Alcova (foto apertura) – in aggiunta all’Ospedale di Militare di Baggio, quest’anno Alcova è stata in parte ospitata da Villa Pestarini. La residenza privata realizzata da Franco Albini in stile razionalista – mai aperta al pubblico prima d’ora – è stata la “casa temporanea” di alcuni tra gli oltre 120 artisti e designer che hanno partecipato al progetto Alcova nel 2026.

Golden Goose Arena – Golden Goose ha trasformato la propria arena, normalmente dedicata al padel, in un “campo da gioco” volto all’incontro tra design, sport e musica. L’installazione immersa della scultrice messicana Sofia Elias accoglierà i visitatori trasformando i campi da padel esterni, mentre il programma musicale serale ha impreziosito le serate del Fuorisalone.

Flop (ci saremmo aspettati di più)
Design Polacco alla Torre Velasca: nella rinnovata cornice del sedicesimo piano della Torre Velasca, la Visteria Foundation ha presenta Polish Modernism. A Struggle for Beauty. La selezione di artisti polacchi ha riflettuto sull’influenza del pensiero modernista sulla cultura e sulla creatività della Polonia, includendo un dialogo con alcune opere uniche del Museo Nazionale di Varsavia.
Metamorphosis – Palazzo Litta: in Corso Magenta 24, Palazzo Litta è stata quest’anno sede della mostra di MoscaPartners. Il tema di quest’anno – ripreso dalla scultura realizzata dall’artista libanese Lina Ghotmeh nel Cortile d’Onore – è quello della Metamorfosi. Il focus è quindi sullo sviluppo di nuovi materiali e tecnologie, che portano cambiamento anche nel mondo del design (ipotizzando scenari futuri).
Acquae Mirabiles – Buccellati: in Piazza Tomasi di Lampedusa, Buccellati ha svelato l’installazione progettata da Federica Sala e Balich Wonder Studio. Attraverso la collezione Caviar, la maison ha raccontato il proprio rapporto con l’argento, la decorazione e l’arte della tavola.
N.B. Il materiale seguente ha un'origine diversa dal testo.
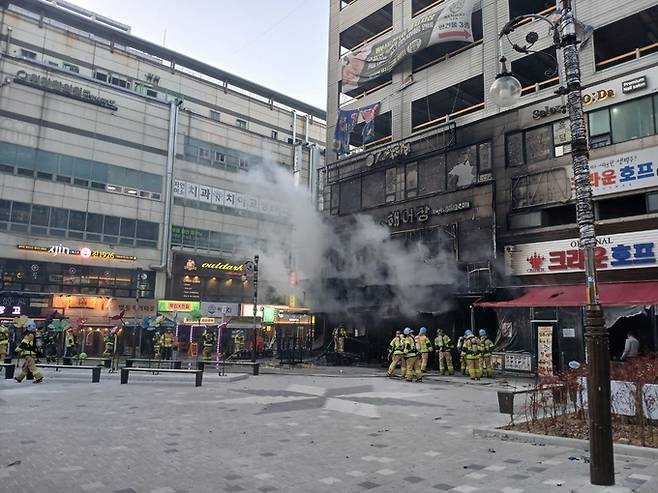 소방 당국에 따르면 이날 오후 4시57분쯤 난 화재로 현지 술집 관계자 2명과 상가 이용객들이 대피했다. 소방 당국은 장비 33대와 소방관 90여명을 투입해 화재 발생 35분 만에 큰 불길을 잡았으며 오후 6시20분쯤 완전히 진화했다.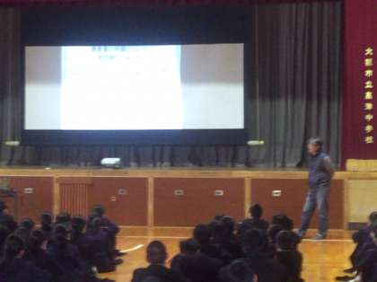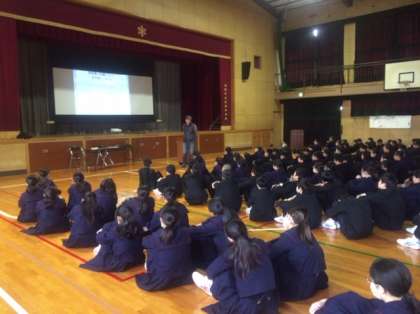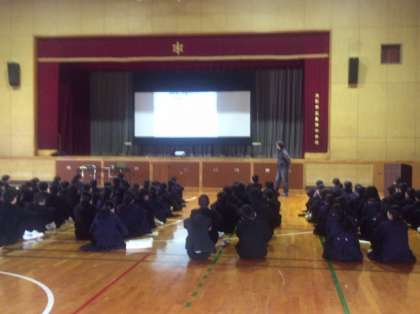 5時間目、1年生は体育館で進路学習を行いました。進路指導主事の鈴木先生から公立高校の合否決定のシステムなど高校入学者選抜制度についての説明やチャレンジテストの活用方法などの説明がありました。今のうちからしっかりと学習しておきましょう。

Queboo x Fiorucci – il Queboo Store di Via Crocefisso 27 ha ospitato la collaborazione tra il brand di design Queboo e l’intramontabile stile di Fiorucci. Per l’occasione, la Rabbit Chair di Stefano Giovannoni è stata proposta in ceramica e ricoperta con la stampa Toys di Fiorucci (disponibile anche in versione extra-small di 0,5 kg, per i più appassionati).
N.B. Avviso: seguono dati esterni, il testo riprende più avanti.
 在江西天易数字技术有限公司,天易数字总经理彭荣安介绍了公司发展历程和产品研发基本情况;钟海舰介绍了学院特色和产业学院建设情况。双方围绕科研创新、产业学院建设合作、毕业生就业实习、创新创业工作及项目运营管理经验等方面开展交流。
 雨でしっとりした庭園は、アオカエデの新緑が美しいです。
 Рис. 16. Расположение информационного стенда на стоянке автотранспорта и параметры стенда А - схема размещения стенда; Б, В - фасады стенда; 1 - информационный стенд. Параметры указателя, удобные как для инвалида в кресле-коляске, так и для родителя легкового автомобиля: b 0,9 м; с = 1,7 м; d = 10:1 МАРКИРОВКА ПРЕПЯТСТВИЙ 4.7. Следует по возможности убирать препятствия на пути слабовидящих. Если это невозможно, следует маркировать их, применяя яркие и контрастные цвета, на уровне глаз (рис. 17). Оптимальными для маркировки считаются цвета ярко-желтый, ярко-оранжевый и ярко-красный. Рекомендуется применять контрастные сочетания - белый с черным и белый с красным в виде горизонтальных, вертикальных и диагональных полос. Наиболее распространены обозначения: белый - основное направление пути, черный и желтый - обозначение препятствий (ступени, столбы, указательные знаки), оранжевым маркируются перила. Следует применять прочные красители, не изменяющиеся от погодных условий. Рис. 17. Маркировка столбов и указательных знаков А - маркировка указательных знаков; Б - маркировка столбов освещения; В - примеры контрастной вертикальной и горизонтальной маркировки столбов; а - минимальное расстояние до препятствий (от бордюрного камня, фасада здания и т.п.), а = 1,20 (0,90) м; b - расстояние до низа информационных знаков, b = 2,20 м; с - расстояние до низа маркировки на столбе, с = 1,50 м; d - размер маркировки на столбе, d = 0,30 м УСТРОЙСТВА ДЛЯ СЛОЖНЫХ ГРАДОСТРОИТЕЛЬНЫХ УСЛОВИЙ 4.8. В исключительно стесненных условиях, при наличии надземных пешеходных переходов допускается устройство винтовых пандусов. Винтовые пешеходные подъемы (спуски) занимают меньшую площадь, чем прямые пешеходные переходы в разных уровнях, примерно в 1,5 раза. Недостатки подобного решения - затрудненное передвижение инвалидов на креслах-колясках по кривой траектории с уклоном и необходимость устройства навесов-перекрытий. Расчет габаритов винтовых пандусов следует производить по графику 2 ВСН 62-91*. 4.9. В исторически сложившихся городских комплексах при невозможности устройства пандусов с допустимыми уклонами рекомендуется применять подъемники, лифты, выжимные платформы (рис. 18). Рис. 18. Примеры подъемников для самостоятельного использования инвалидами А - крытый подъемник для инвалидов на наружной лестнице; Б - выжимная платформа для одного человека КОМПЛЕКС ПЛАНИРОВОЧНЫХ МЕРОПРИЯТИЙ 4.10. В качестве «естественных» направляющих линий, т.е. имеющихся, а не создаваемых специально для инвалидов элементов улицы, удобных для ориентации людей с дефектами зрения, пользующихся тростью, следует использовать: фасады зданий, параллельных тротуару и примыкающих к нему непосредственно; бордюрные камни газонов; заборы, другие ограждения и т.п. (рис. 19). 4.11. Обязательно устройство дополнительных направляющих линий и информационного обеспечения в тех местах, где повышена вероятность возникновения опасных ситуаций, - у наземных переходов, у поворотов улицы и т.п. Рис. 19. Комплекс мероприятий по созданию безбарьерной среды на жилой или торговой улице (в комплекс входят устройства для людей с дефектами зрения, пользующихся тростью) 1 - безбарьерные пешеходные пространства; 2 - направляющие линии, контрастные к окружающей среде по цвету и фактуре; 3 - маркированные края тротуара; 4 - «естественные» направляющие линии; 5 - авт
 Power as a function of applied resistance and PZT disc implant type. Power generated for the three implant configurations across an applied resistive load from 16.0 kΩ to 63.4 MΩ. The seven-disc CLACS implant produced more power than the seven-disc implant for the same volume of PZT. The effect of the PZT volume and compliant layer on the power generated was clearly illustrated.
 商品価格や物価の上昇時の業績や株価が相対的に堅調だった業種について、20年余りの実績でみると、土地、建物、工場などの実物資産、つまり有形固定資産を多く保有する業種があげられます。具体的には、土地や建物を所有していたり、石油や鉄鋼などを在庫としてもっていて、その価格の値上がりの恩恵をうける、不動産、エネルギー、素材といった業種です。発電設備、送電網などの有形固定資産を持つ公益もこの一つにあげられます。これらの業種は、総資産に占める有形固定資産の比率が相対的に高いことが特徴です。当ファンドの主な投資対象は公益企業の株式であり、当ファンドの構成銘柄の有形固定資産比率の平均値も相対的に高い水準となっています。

Orto Botanico di Brera – l’Orto Botanico dell’Accademia di Brera è stato il palcoscenico della mostra-evento Interni Materiae di Annabel Karim Kassar. La designer e architetto franco-libanese ha ricreato per Rubner Haus e ABS Group il Giardino delle Esperidi, che riprende la leggenda di un giardino perduto in cui crescono mele d’oro in grado di donare l’immortalità a chi le assaggia.
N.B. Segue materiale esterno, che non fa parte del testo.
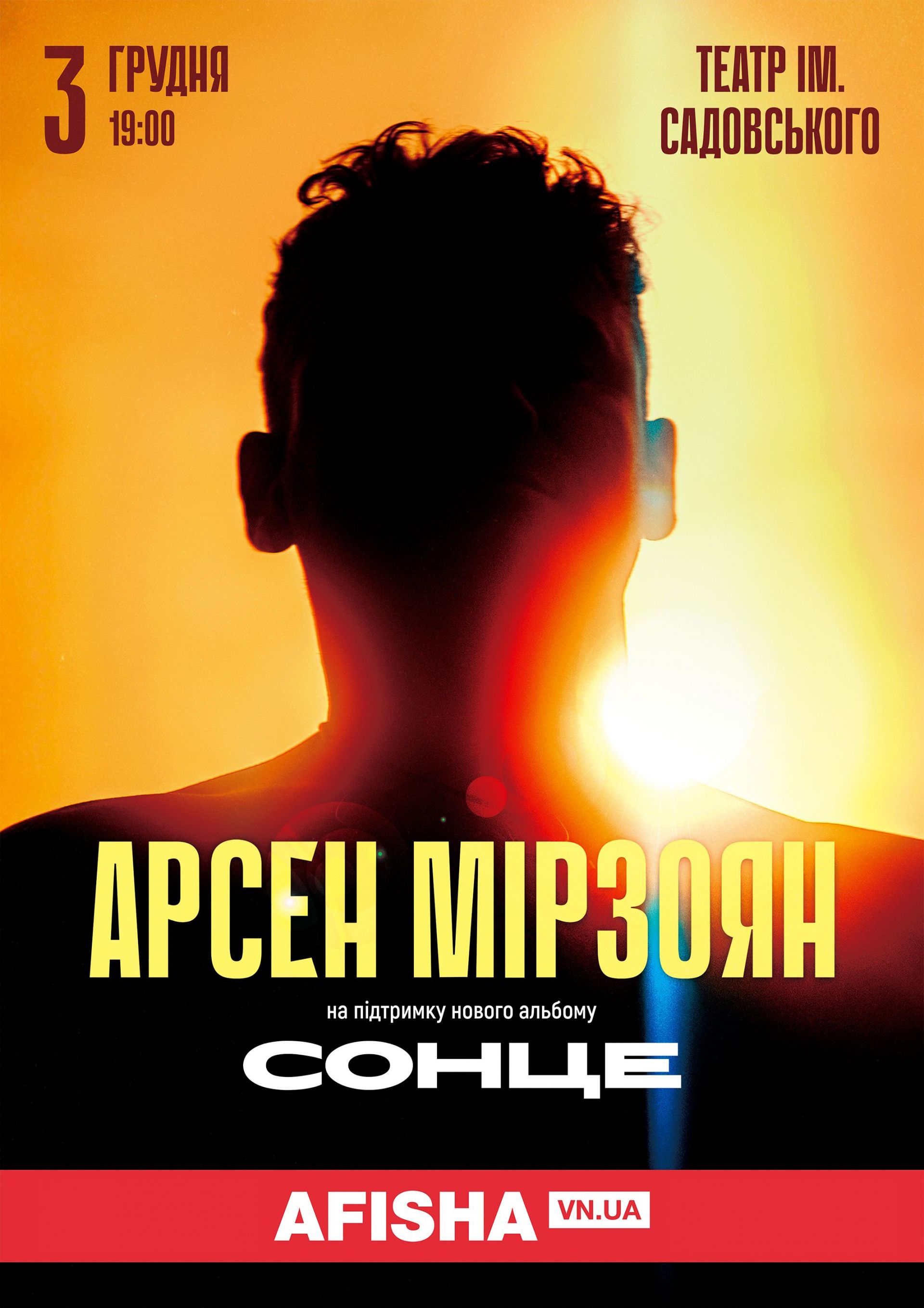 Серію зимових концертів у Вінниці 3 грудня о 19.00 у театрі ім. Садовського розпочне один із найхаризматичніших співаків України Арсен Мірзоян.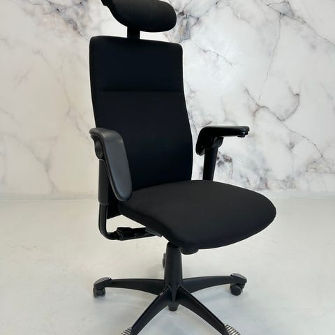 Stolen har høy rygg med netting som gir god støtte og ventilasjon, justerbar høyde samt armlener for ekstra komfort.

Hans Boodt – Mannequins: all’Opificio 31 di Via Tortona 31, Hans Boodt Mannequins ha presentato i suoi particolari manichini di design, rinomati per la loro estetica e sostenibilità.
Torneria Tortona – Corpografia: Sara Ricciardi Studio ha pensato all’installazione Corpografia – Paesaggio di Donna per la Torneria Tortona. Un luogo di riposo e sosta, con influenze botaniche, ispirato ad Elsa Schiaparelli.